▶ Exercise details
Output all the data exactly. Pictures do not belong in the copy.

▶ Data extract
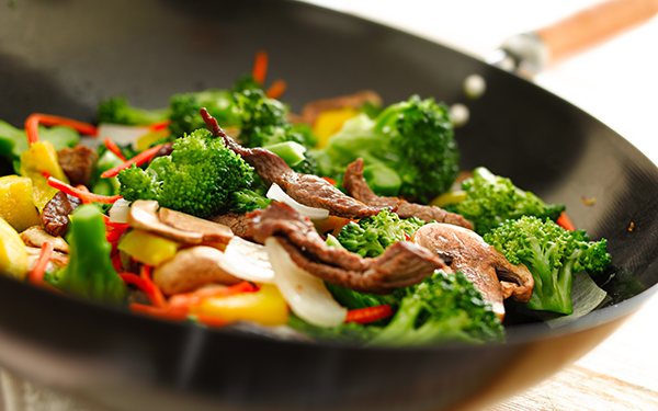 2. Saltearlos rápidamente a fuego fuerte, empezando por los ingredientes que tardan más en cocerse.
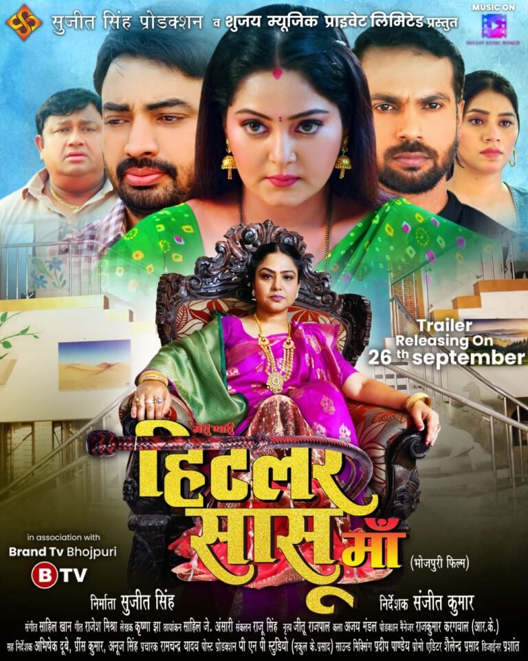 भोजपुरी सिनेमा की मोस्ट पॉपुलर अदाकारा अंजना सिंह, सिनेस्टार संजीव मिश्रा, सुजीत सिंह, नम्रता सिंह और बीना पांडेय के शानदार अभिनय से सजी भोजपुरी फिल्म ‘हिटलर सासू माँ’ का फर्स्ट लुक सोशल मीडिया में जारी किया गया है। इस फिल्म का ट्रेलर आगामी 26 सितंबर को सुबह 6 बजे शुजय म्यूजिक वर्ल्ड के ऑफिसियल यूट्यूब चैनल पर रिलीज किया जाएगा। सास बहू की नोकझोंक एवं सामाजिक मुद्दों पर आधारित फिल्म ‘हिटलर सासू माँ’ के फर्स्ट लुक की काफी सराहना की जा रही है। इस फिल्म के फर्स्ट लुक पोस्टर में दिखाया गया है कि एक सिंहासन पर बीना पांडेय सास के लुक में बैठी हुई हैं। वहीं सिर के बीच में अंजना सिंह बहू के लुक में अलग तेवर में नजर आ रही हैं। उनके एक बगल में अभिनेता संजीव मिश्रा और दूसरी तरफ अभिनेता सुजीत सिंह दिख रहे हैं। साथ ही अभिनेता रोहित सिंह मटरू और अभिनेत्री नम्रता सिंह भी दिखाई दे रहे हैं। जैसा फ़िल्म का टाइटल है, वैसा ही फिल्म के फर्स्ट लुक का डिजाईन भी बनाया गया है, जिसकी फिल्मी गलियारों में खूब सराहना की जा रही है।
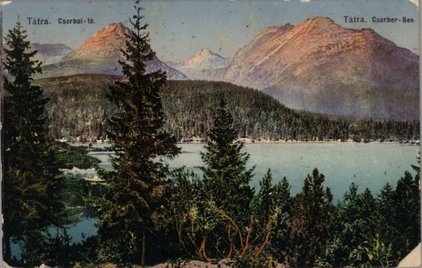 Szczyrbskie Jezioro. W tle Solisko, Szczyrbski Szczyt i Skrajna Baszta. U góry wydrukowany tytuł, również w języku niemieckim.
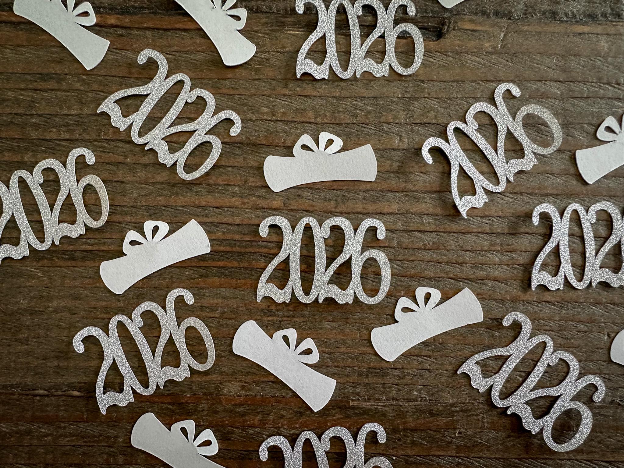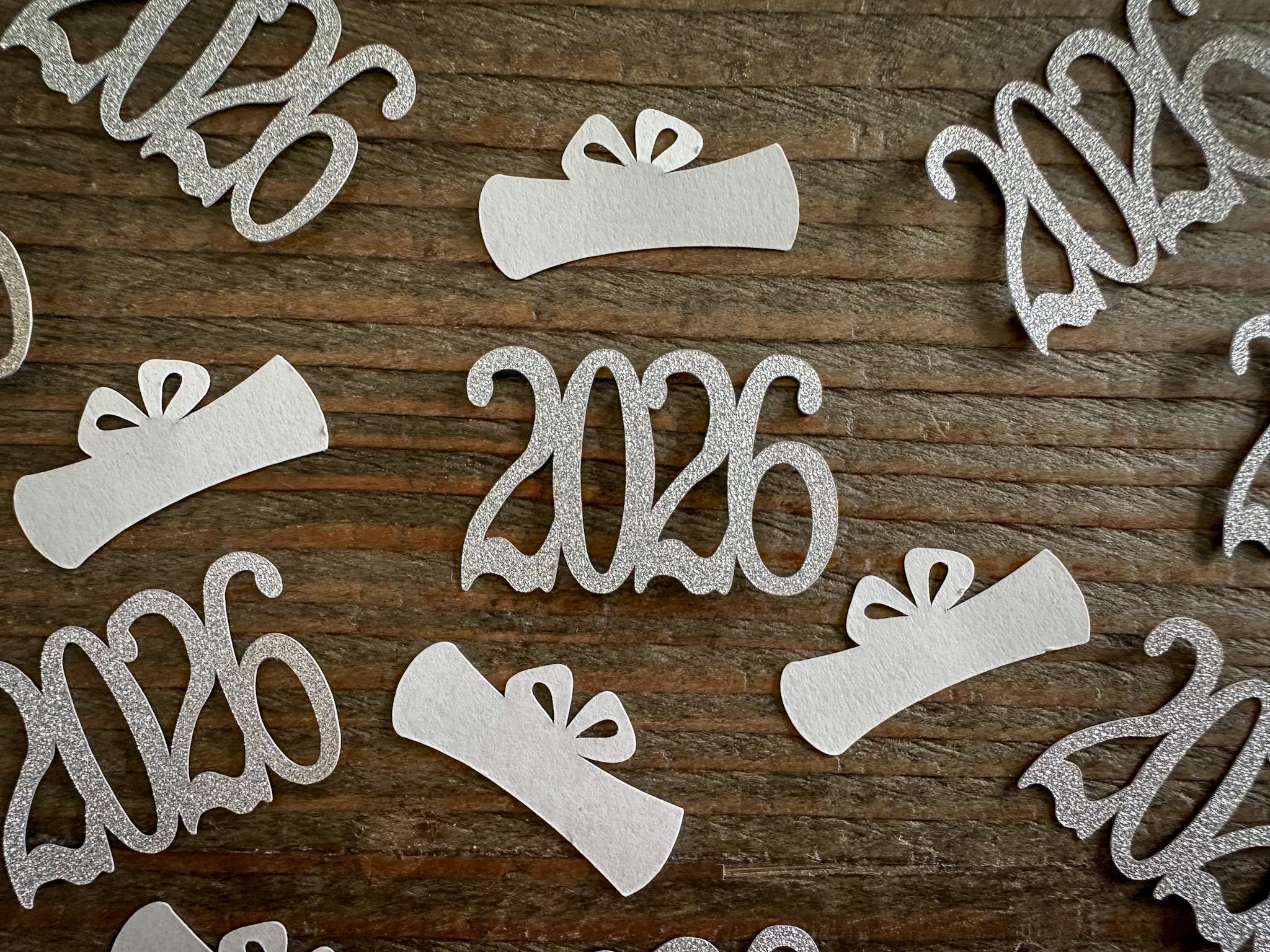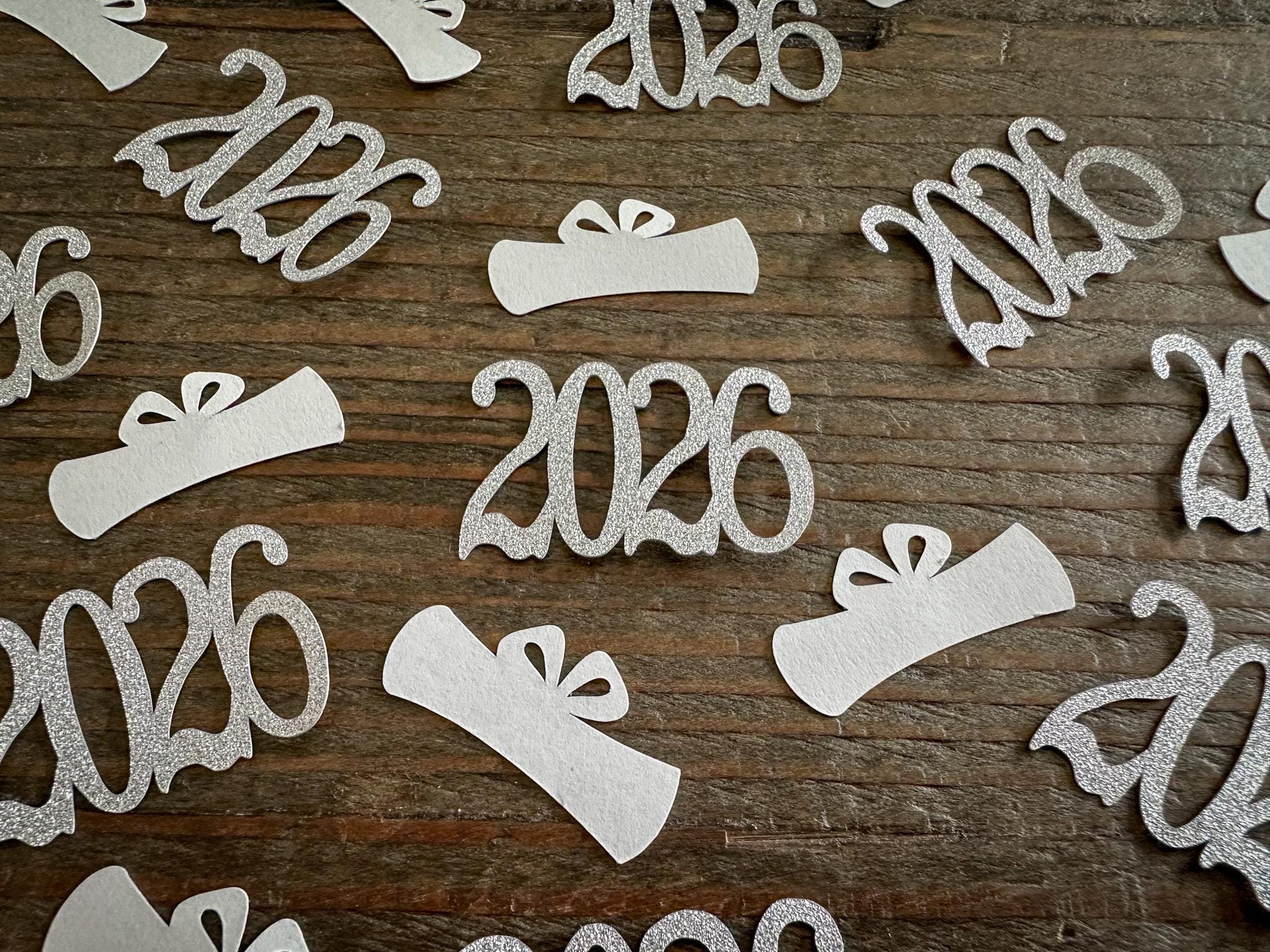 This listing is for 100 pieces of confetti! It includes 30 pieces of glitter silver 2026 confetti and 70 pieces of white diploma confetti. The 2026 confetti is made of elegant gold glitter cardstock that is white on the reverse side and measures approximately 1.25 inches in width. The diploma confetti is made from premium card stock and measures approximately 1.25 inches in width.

▶ Task output
 2. Saltearlos rápidamente a fuego fuerte, empezando por los ingredientes que tardan más en cocerse.
 भोजपुरी सिनेमा की मोस्ट पॉपुलर अदाकारा अंजना सिंह, सिनेस्टार संजीव मिश्रा, सुजीत सिंह, नम्रता सिंह और बीना पांडेय के शानदार अभिनय से सजी भोजपुरी फिल्म ‘हिटलर सासू माँ’ का फर्स्ट लुक सोशल मीडिया में जारी किया गया है। इस फिल्म का ट्रेलर आगामी 26 सितंबर को सुबह 6 बजे शुजय म्यूजिक वर्ल्ड के ऑफिसियल यूट्यूब चैनल पर रिलीज किया जाएगा। सास बहू की नोकझोंक एवं सामाजिक मुद्दों पर आधारित फिल्म ‘हिटलर सासू माँ’ के फर्स्ट लुक की काफी सराहना की जा रही है। इस फिल्म के फर्स्ट लुक पोस्टर में दिखाया गया है कि एक सिंहासन पर बीना पांडेय सास के लुक में बैठी हुई हैं। वहीं सिर के बीच में अंजना सिंह बहू के लुक में अलग तेवर में नजर आ रही हैं। उनके एक बगल में अभिनेता संजीव मिश्रा और दूसरी तरफ अभिनेता सुजीत सिंह दिख रहे हैं। साथ ही अभिनेता रोहित सिंह मटरू और अभिनेत्री नम्रता सिंह भी दिखाई दे रहे हैं। जैसा फ़िल्म का टाइटल है, वैसा ही फिल्म के फर्स्ट लुक का डिजाईन भी बनाया गया है, जिसकी फिल्मी गलियारों में खूब सराहना की जा रही है।
 Szczyrbskie Jezioro. W tle Solisko, Szczyrbski Szczyt i Skrajna Baszta. U góry wydrukowany tytuł, również w języku niemieckim.
 This listing is for 100 pieces of confetti! It includes 30 pieces of glitter silver 2026 confetti and 70 pieces of white diploma confetti. The 2026 confetti is made of elegant gold glitter cardstock that is white on the reverse side and measures approximately 1.25 inches in width. The diploma confetti is made from premium card stock and measures approximately 1.25 inches in width.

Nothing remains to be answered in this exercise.